What this task involves:
From the data that follows, set down exactly the lines from the one with "Every November the" through the one with "PCB terminal block, Push-in spring connection", counting both. Pictures stay out.

Data under study:
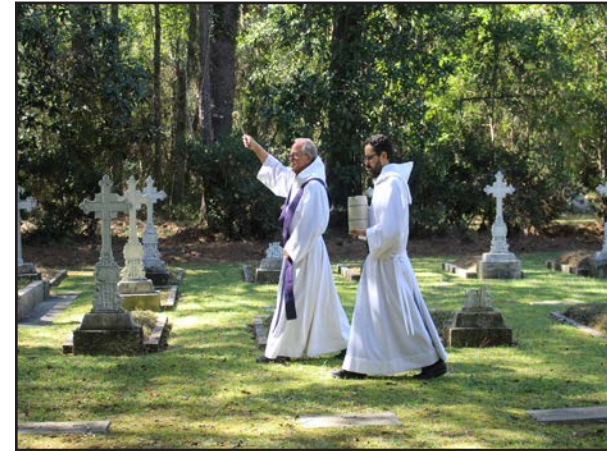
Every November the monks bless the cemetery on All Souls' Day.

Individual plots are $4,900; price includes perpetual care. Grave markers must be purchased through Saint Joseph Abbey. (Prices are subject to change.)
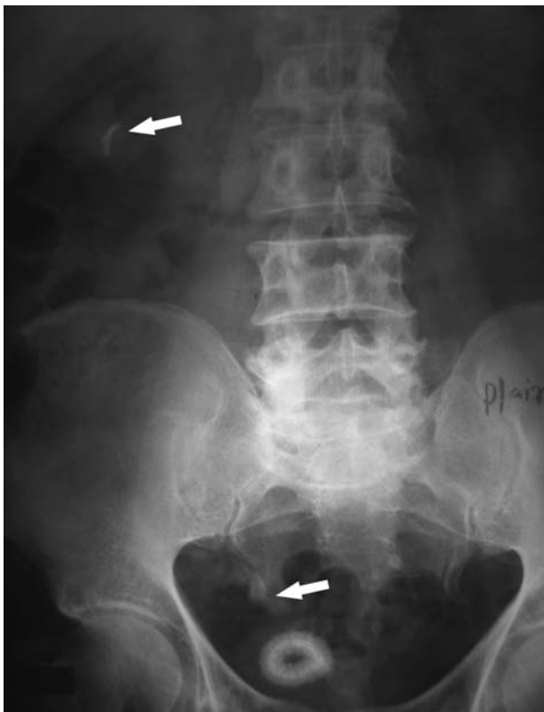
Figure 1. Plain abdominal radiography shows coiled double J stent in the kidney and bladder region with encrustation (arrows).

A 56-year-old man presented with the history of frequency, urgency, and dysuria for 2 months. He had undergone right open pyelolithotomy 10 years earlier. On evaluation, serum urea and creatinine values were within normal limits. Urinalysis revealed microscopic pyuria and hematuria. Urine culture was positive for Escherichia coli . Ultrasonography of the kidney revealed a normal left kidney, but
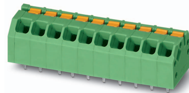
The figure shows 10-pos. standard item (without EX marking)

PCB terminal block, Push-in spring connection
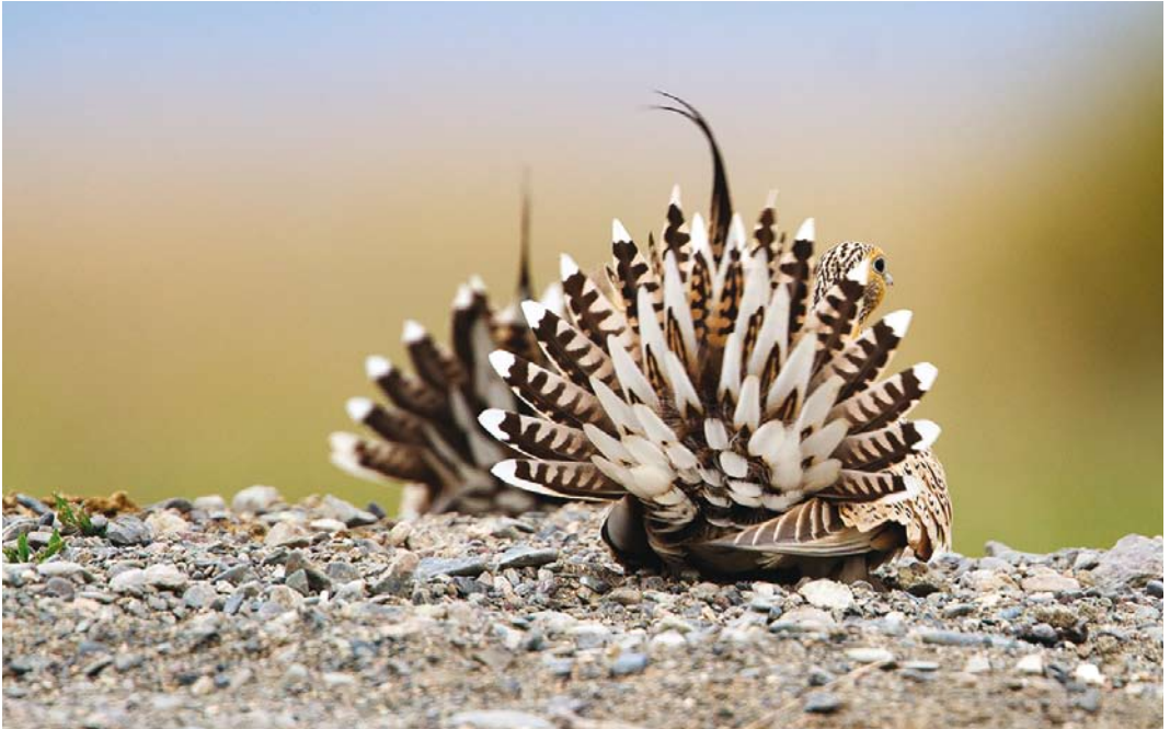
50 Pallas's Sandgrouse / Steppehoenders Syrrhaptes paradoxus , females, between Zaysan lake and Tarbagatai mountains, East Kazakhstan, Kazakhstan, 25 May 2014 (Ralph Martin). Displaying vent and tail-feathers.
--
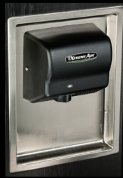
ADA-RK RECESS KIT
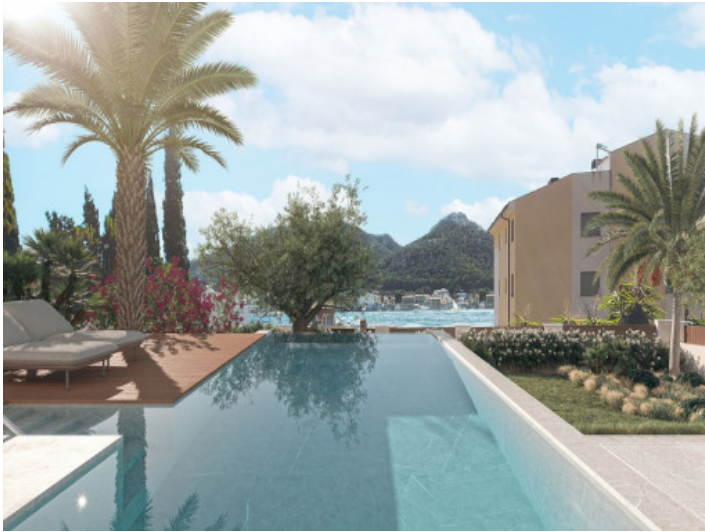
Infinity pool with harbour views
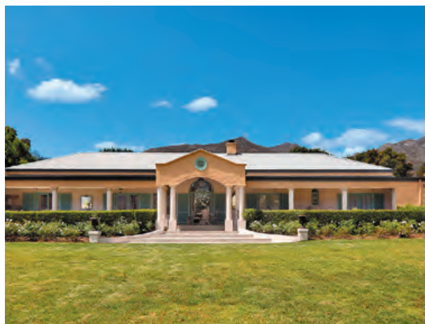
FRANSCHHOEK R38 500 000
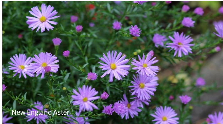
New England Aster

Exercise solution:
Every November the monks bless the cemetery on All Souls' Day.

Individual plots are $4,900; price includes perpetual care. Grave markers must be purchased through Saint Joseph Abbey. (Prices are subject to change.)
Figure 1. Plain abdominal radiography shows coiled double J stent in the kidney and bladder region with encrustation (arrows).

A 56-year-old man presented with the history of frequency, urgency, and dysuria for 2 months. He had undergone right open pyelolithotomy 10 years earlier. On evaluation, serum urea and creatinine values were within normal limits. Urinalysis revealed microscopic pyuria and hematuria. Urine culture was positive for Escherichia coli . Ultrasonography of the kidney revealed a normal left kidney, but
The figure shows 10-pos. standard item (without EX marking)

PCB terminal block, Push-in spring connection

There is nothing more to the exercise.